This legend recalls the Wandering Jew, who is known in Sicilian tradition under the name of Buttadeu (from buttari, to thrust away, and deu, God) or more commonly as "The Jew who repulsed Jesus Christ." He is reported to have appeared in Sicily, and the daughter of a certain Antonino Caseio, a peasant of Salaparuta, gives the following account of her father's encounter with Buttadeu:
LIX. THE STORY OF BUTTADEU.
IT WAS in the winter, and my good father was at Scalone, in the warehouse, warming himself at the fire, when he saw a man enter, dressed differently from the people of that region, with breeches striped in yellow, red, and black, and his cap the same way. My good father was frightened. "Oh!" he said, "what is this person?" "Do not be afraid," the man said. "I am called Buttadeu." "Oh!" said my father, "I have heard you mentioned. Be pleased to sit down a while and tell me something." "I cannot sit, for I am condemned by my God always to walk." And while he was speaking he was always walking up and down and had no rest. Then he said: "Listen. I am going away; I leave you, in memory of me, this, that you must say a credo at the right hand of our Lord, and five other credos at his left, and a salve regina to the Virgin, for the grief I suffer on account of her son. I salute you." "Farewell." "Farewell, my name is Buttadeu." [1]

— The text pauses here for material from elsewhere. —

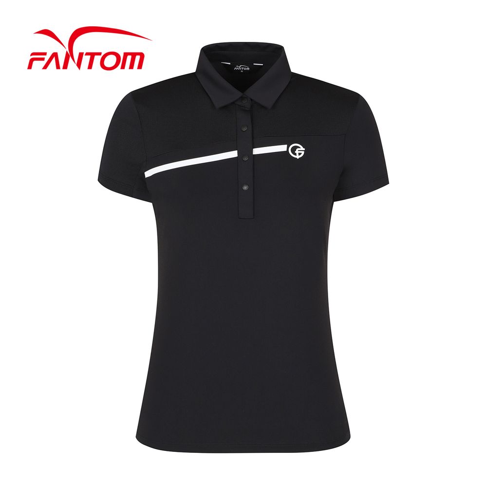 여성 라인 포인트 카라 반팔 티셔츠

[1] Pitrè, I. p. cxxxiii. For earlier appearances of the Wandering Jew in Italian literature, see A. D'Ancona, La Leggenda dell' Ebreo errante, Nuova Antologia, serie II. vol. XXIII. 1880, p. 425; Romania, vol. X. p. 212, Le Juif errant en Italia au XIII^e siècle, G. Paris and A. D'Ancona; vol. XII. p. 112, Encore le Juif errant en Italie, A. D'Ancona, and Giornale Storico, vol. III. p. 231, R. Renier, where an Italian text of the XVIII. cent. is printed for the first time. The myth of the Wandering Jew can best be studied in the following recent works: G. Paris, Le Juif Errant, Extrait de l'Encyclopédie des Sciences Religieuses, Paris, 1880; Dr. L. Neubaur, Die Sage vom ewigen Juden, Leipzig, 1884; P. Cassel, Ahasverus, die Sage vom ewigen Juden, Berlin, 1885. The name Buttadeu (Buttadæus in the Latin texts of the XVII. cent.) has been explained in various ways. It is probably from the Ital. verb buttare, to thrust away, and dio, God.